Юра не удержался, перебил расфантазировавшегося оратора:
– Ты, Рома, хоть и сын строителя, а рассуждаешь, как последний неприспособленный интеллигент. Взрослый немец с континента Европа, офицер, имеет имя, а ты – «Пятница». Сам ты Средой вскоре станешь. Да и вообще: так вот тебе все и удалось. Ходи, изучай, любуйся. А еду больному Пятнице Захар Иванович будет по радио присылать? Голова!.. Я предлагаю с этого и начинать наш разговор, с какого-то жизненного рациона, пусть и островного. Вот сеть нашли. Сегодня же надо ее починить.
– Чем? Шпагат тебе тоже Захар Иванович по радио пришлет?
– Отрежем немного строп, рассучим их, вот тебе и шпагат. По-моему, Ваня прав, не только же с океана, а именно из этого ставка рыбаки питались свежей рыбой во время океанской путины. В противном случае они бы не построили там свой шалаш.

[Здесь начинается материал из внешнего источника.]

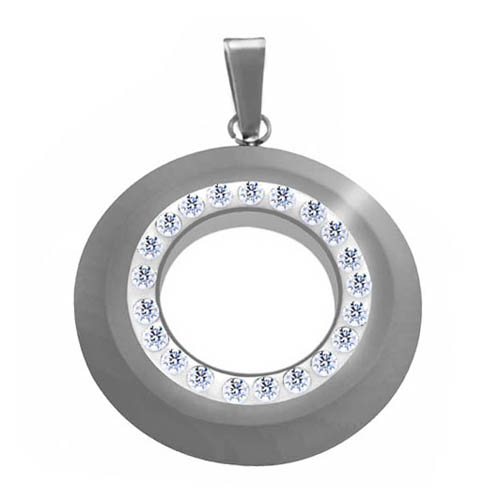 STAINLESS STEEL PENDANT IN CIRCLE SHAPE WITH CZ WITH WINDOWS ON TWO SIDE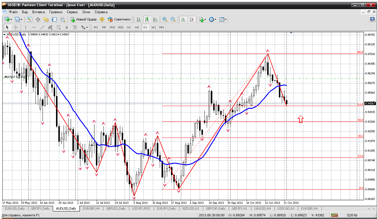 Австралийский доллар продолжил снижение. Пара достигла уровня 38.2% отката по фибо. Но о покупках пока думать рановато, а хотя бы дождаться отката до уровня 50%, 0.9323 и в том районе искать возможность открыть длинную позицию. При этом вполне реально рост может быть довольно продолжительным. Прикрепленные файлы:

– Ставок весенними водами сделан, это факт, я об этом еще ночью думал, – говорил более опытный Ваня. – Но рыба там есть. В самом деле, Юра прав, стропы сделаны из крепких мягких шпагатин. Для войны всегда все делается добросовестно. Это предложение принимаем. Стропы же нам тоже помогут тянуть невод с обоих берегов ставка. Консервные банки, огонь есть – значит, и уха сегодня будет. А вот как вы смотрите на то, чтобы наш шалаш перенести хотя бы вот сюда. Ночью он будет защищать от холода, а днем – от солнца. Зато будем иметь тут столько простора!
– Вот тут уж, Ваня, а не будет дела, – сказал Роман. – У нас же больной на руках. Не каждый же день таскать его с места на место от солнца. К тому же мы должны маскироваться здесь от авиации, сам же ты говорил, когда посылал меня снимать парашют с дерева. Это уже два. А третье – мы же должны поддерживать наш священный очаг.
– В-четвертых, еще наступит и зима. В лесу хоть уютнее будет.
– Верно, Олег, еще и зима. Я просто ставлю на обсуждение нашу жилищную проблему. Получается, что шалаш должен оставаться там же.
– И вот что, Ваня: давайте построим каменный дом. С печкой, с дверью и с окном! Нам нужно хорошо защищаться, потому что у нас, как у тех господ, на пятерых – одни штаны. Один костюм летчика только для часового и то... Придется же его возвращать.
– Только для часового! Выздоровеет летчик, сам поймет все, так сказать, выгоды трусов на курорте.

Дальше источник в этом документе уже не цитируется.